### Activity
Once you have checked the records that follow, state how many of their lines hold "Pelahustán", giving the number only.

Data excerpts
───

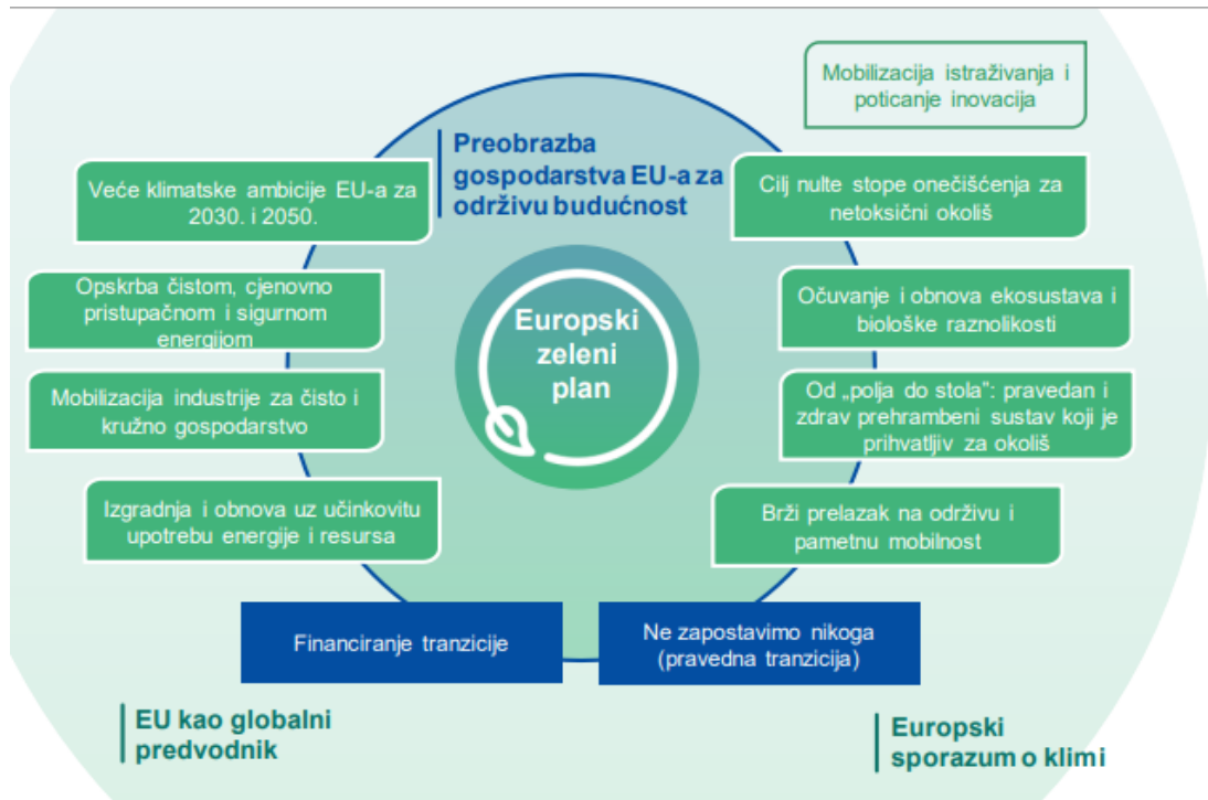
Slika 2. Ciljevi Europskog zelenog plana (COM/2019/640 final).
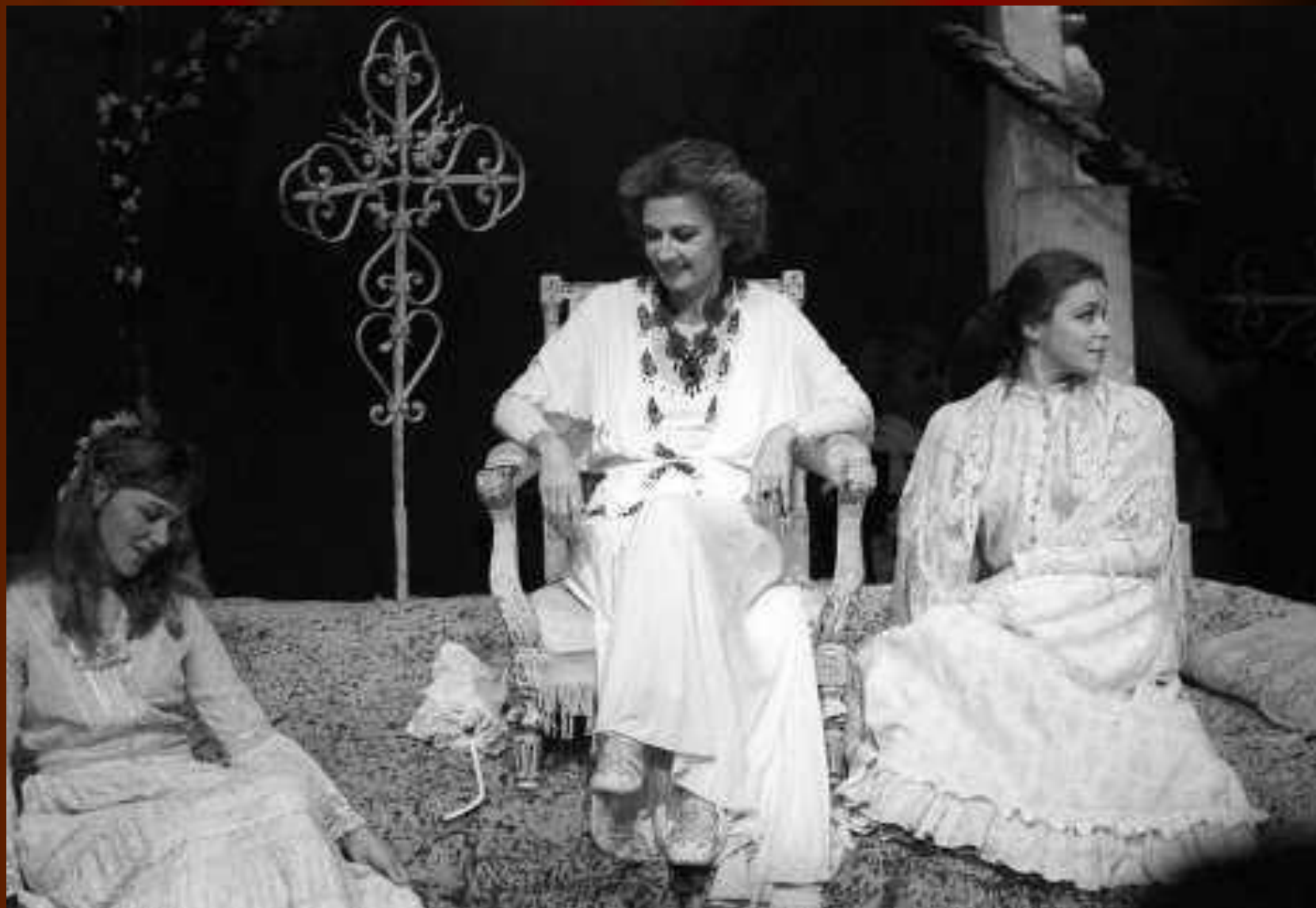
«Вишневый сад» на Таганке. Постановка А. Эфроса, 1975 год. В главной роли - Алла Демидова.
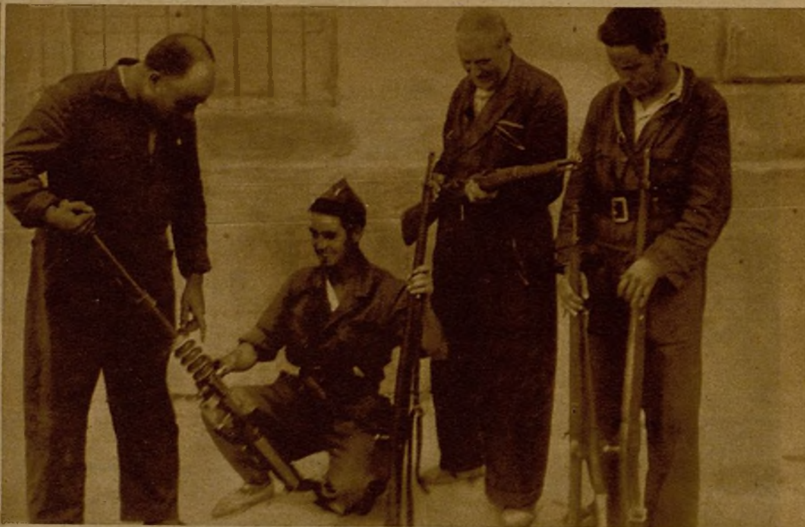
Una de las ametralladoras y varios fusiles tomados al enemigo, al poner en fuga a una partida facciosa en Pelahustán

Las operaciones del domingo.—Tranquilidad en el Centro y martilleos constantes en los flancos.—Una interesante información de los propósitos y situación de los facciosos.—La caza de un avión rebelde.—El piloto es detenido por un miliciano cocinero.—Su sorpresa al traerle a Madrid.—La conquista de Pelahustán.—Numerosas bajas y botín capturado.—Numerosos aviones republicanos realizan una operación de castigo.—Los fascistas retroceden espantados
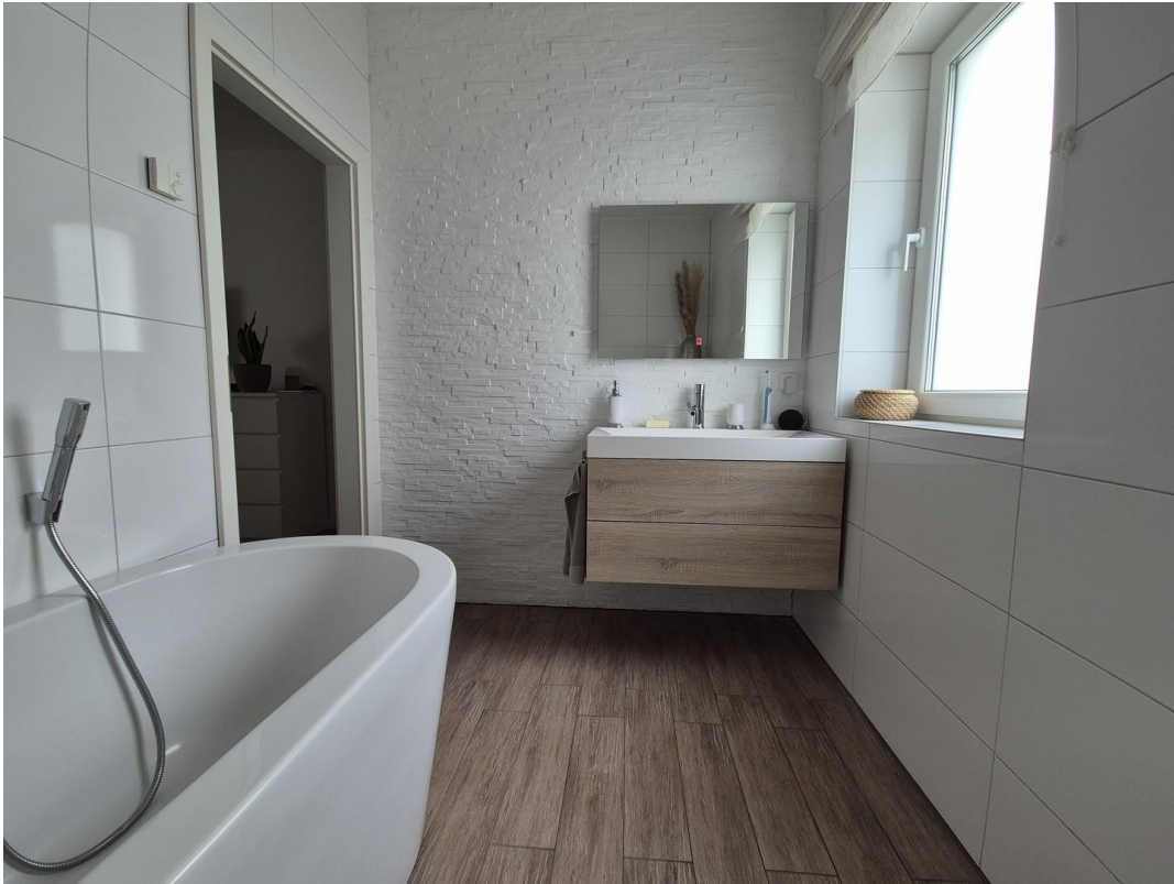
Bad en Suite
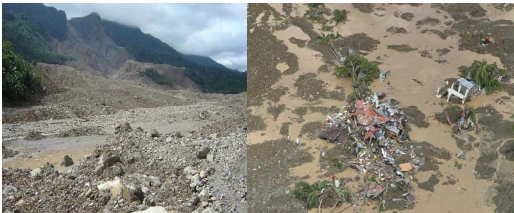
Vùng bị ảnh hưởng và tàn phá rộng 240 hecta
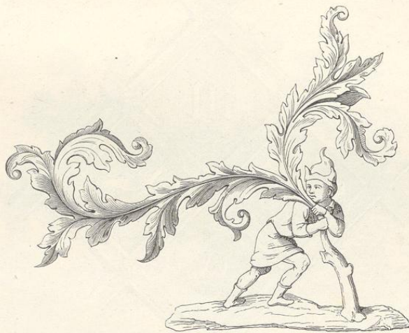
Fig. 137. (Prag, Museum.)

Reste von Glasbildern, welche dem XIV. Jahrhundert entstammen, sind unbedeutend und gehören nur kleineren Zusammenstellungen an. Bruchstücke dieser Art sieht man in der Katharinen-Capelle zu Karlstein und in einigen Sammlungen. Künstlerischen Werth besitzen nur zwei in der Bartholomäus-Kirche zu Kolin vorhandene Theile eines grösseren Bildes, welches die Geschichte der heiligen Jungfrau Maria zum Inhalt hatte und das wohl ein Geschenk des Kaisers Karl sein mochte. In dem besser erhaltenen Flügel ist der Tod Marias dargestellt und zwar nach der oben erwähnten Tradition, dass Christus zwischen den versammelten Jüngern erschienen sei und die Seele, welche die Gestalt eines kleinen Kindes hat, der Scheidenden abgenommen und in den Himmel geführt habe. Die sterbende Jungfrau liegt ausgestreckt auf einem Ruhebette, hinter welchem Christus steht, dessen überirdische Erscheinung durch die Mandorla ausgedrückt ist. An jeder Seite sind sechs Apostel angebracht, von denen aber nur die Köpfe
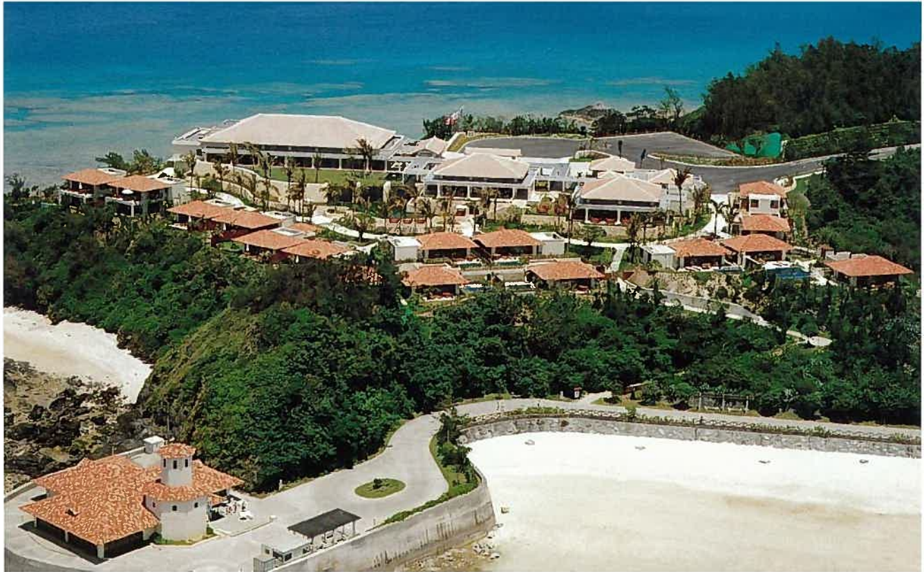
万国津梁館(平成12年)
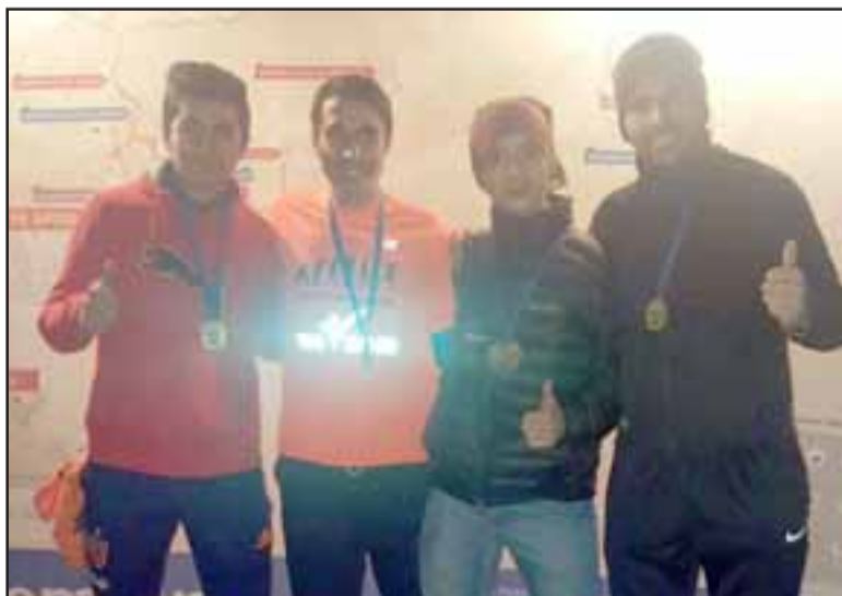
Tres integrantes de Evolution Runners lograron estar dentro de los mejores en el circuito de Trail capitalino.

ners tiene integrantes de jerarquía que sobresalen en pruebas de nivel, ante rivales de peso, algo que hace que estos resultados adquieran un valor adicional.
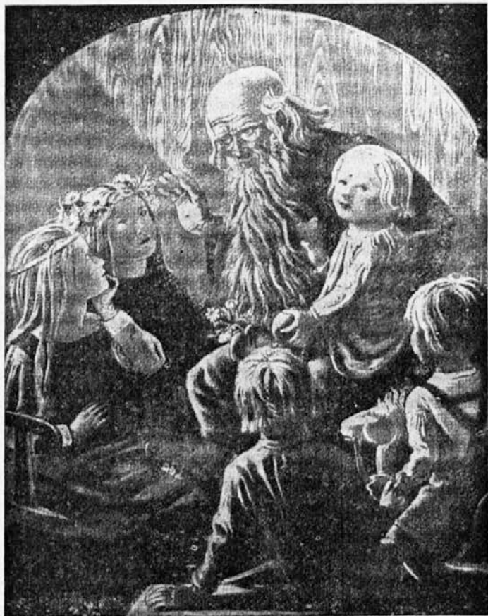
Otroci so zvesto poslušali...

duše. Ta voda pa more pogasiti ogenj vic, oziroma more ohladiti žgoče bolečine ubogih trpečih duš.«
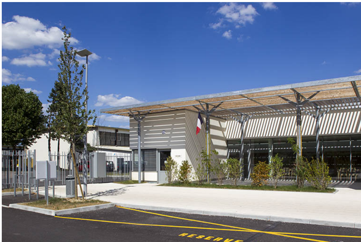
Détail de l'entrée sur la rue vue de la cour.

70, Vesoul place Jacques Brel, lieudit : les rêpes
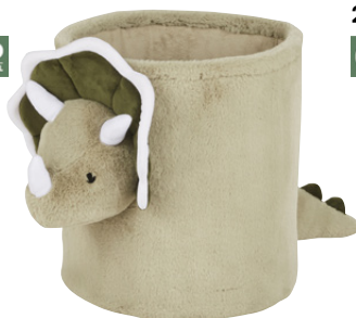
Peluche Yago Polyester 25,99 €
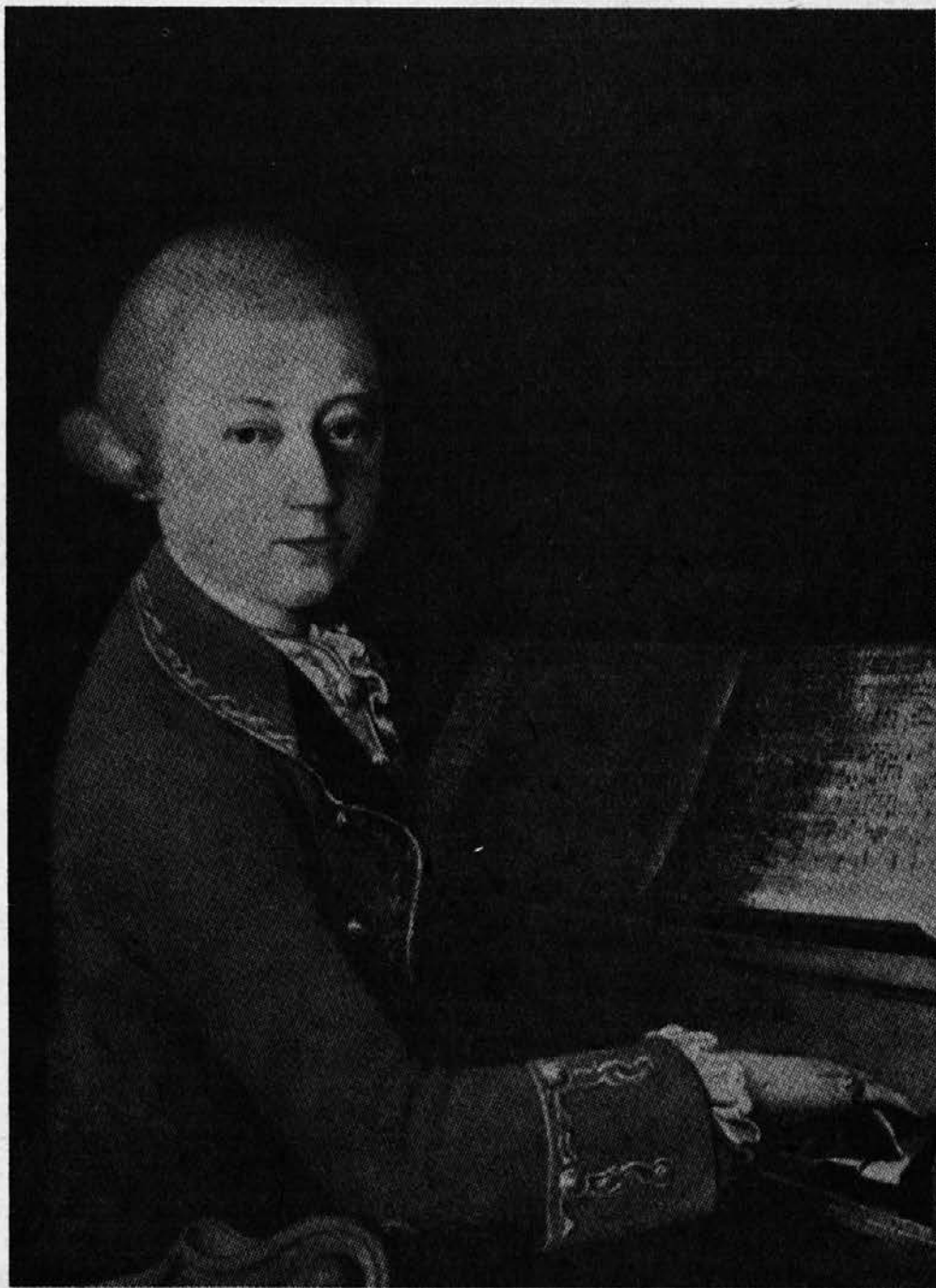
W. A. MOZART V LETU 1770
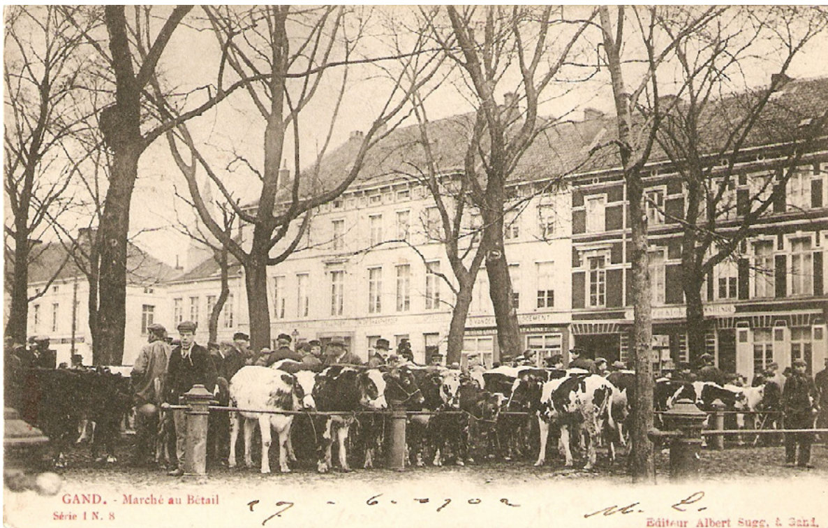
Postcard of the animal market with cafés and shops in the background/ Briefkaart van de beestenmarkt met cafés en winkels op de achtergrond

The Urban Household of Metabolism/ Het stedelijk huishouden van het metabolisme case 104
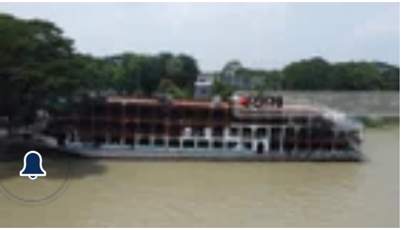
সুগন্ধা ট্রাজেডির ৩ বছর: এখনো দগদগে প্রিয়জন হারানোর.. জাতীয়
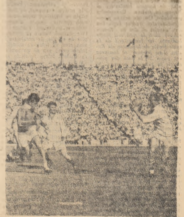
Selecționata de rugbi a Bucureștilor a învins duminică pe stadionul „23 August” formația P.U.C. de care a dispus cu scorul de 41-3.

───

### Completed task
2